Among those shocked by his plight was Edinburgh-based physician Andrew Duncan. Having visited Fergusson at Darien House, Duncan was all too aware of the inhumane treatment meted out to those who suffered any kind of mental breakdown. With support from 18th-century notables, including the Duke of Buccleuch, he pledged to set up a better institution for the mentally ill, one that would draw on best practice from all over the world and would focus on rehabilitation.

Now that institution, the Royal Edinburgh Hospital in Morningside, is preparing to celebrate its 200th anniversary. Today, hundreds of patients a year benefit from its services.
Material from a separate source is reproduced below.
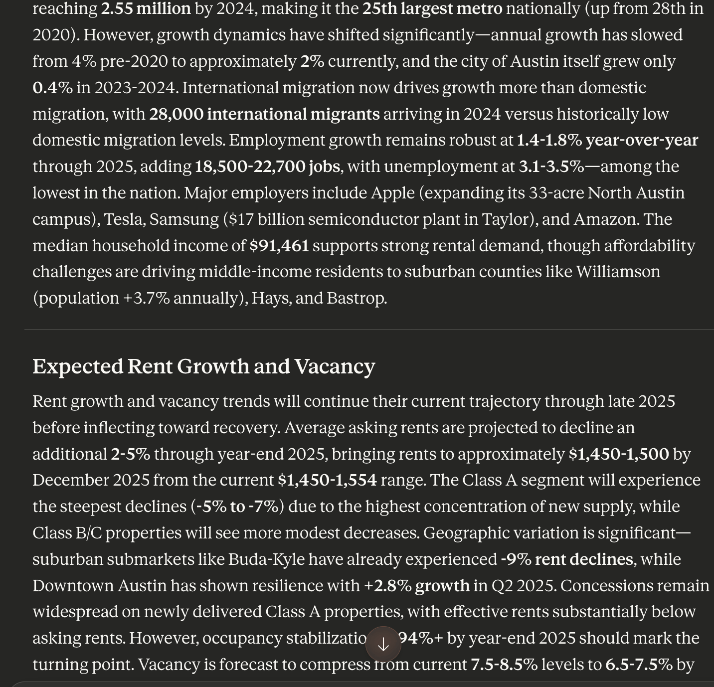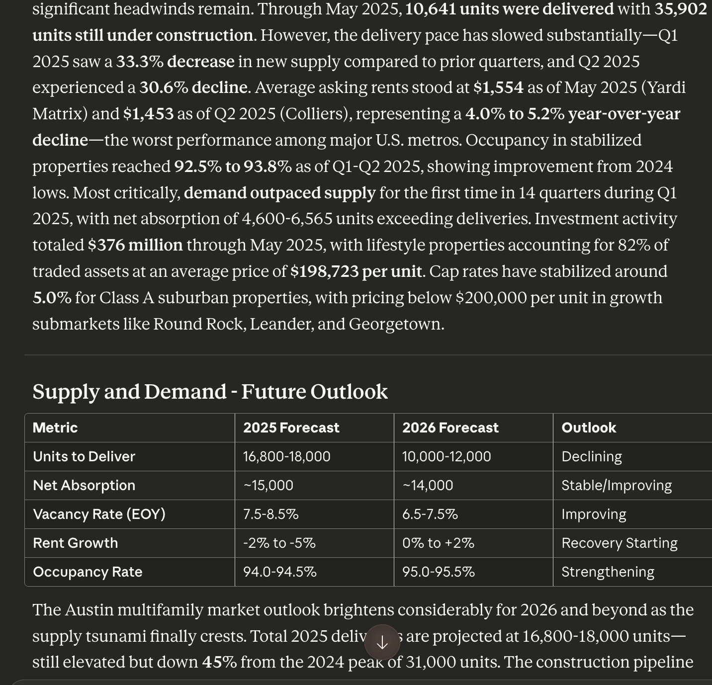 Create a new chat and ask it to analyze a market and property type!

Set within large, landscaped grounds, it has units specialising in alcohol and substance abuse, eating disorders, brain injuries and forensic psychiatry.

The hospital has led the way in many fields particularly in the treatment of post-traumatic stress disorders, where pioneering work with First World War veterans suffering shellshock, at nearby Craiglockart War Hospital, led to the formation of the Jordanburn Nerve Centre in 1929 and the Rivers Centre in 1997. The hospital was also instrumental in setting up Veterans First Point, a support group for former soldiers.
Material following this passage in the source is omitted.